Toney was the 4th wide receiver off the board, all from SEC schools. He fits as a Swiss-army knife in any offense as his speed makes him a potent weapon. In 2020, he amassed 70 receptions, 984 yards, and 10 TDs as the lead receiver in the Gators’ offense. With his speed, the Gators used him in the run game and the return game efficiently; that resulted in him earning 2nd-team All-American honors as an all-purpose player.

Grade: C+

After moving back in the draft and watching the top three receivers go, the Giants should have looked elsewhere. Toney was a late 1st round pick at best, and the Giants needed to address the offensive and defensive lines. Toney has the tools to be a solid pro, but the Giants missed on opportunities to improve bigger needs. 

Minnesota Vikings

Pick No. 23 (via JETS) – Christian Darrisaw, OT, Virginia Tech

Darrisaw was projected to go somewhere between 10 and 20 but fell a bit to the Vikings at 23. He was arguably the best athlete of all the offensive lineman in the 2021 class.

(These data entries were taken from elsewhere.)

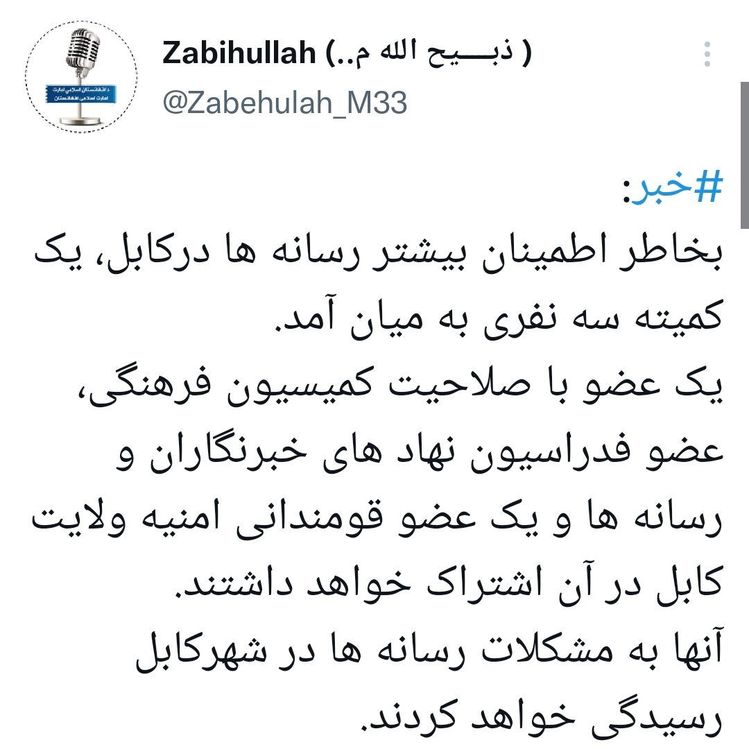 当地时间21日,阿富汗塔利班发言人扎比乌拉·穆贾希德在社交媒体上表示,已在阿富汗首都喀布尔成立了一个委员会,以回应媒体关心的事务。该委员会将由塔利班文化委员会一名负责人、记者与媒体机构联合会一名成员及喀布尔警察司令部一名成员组成。(总台记者 倪紫慧)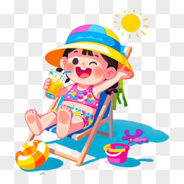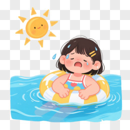 插画大太阳下的小女孩泡在游泳池中免抠元素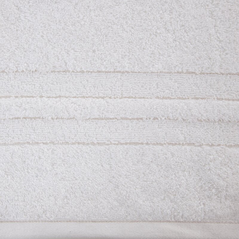 Bavlnený uterák s lemovaním zdobeným lesklou niťou šírka: 70 cm, dĺžka: 140 cm, farba: biela, hmotnosť: 500 GSM, zloženie: Materiál: 100% bavlna: ozdobná časť: Materiál: 95% bavlna, 5% polyester

Scouts note that Darrisaw can be ‘as good as he wants to be.’ He has all the physical traits to be an elite lineman but can lack the effort necessary at times.

Grade: A-

With Darrisaw falling to No. 23, the Vikings get – day-one starter with a high ceiling. The Vikings get great value after trading back in the draft.

New Orleans Saints

Pick No. 28 – Payton Turner, DE, Houston 

Turner was one of the best-kept secrets in the 2021 NFL Draft. Most mock drafts had the edge rusher as a 2nd round pick at best; however, the Saints pick him up late in the 1st round. As a three-year starter at Houston, Turner earned 2nd-team All-AAC despite playing in just 10 games in 2020.

Grade: C+

The Saints failed to find a trading partner to move up in the draft, so they stayed put at No. 28. Turner was a reach in the 1st round but possesses a high ceiling. Hopefully, he can grow into an elite pass-rusher at the NFL level.

Tampa Bay Buccaneers

Pick No. 32 – Joe Tryon, LB, Washington

Another raw linebacker prospect went in the 1st round; this time, it was Washington LB Joe Tryon to the Super Bowl Champions. His lack of experience is overshadowed by his physical traits, and he will have a chance to grow under Defensive Coordinator Todd Bowles.

Grade: B+

Tryon will need time to develop into a full-time backer at the next level. However, he will have the perfect chance to do that in Tampa Bay. The defending champs are returning all 22 starters and possess the most feared defense in the NFL.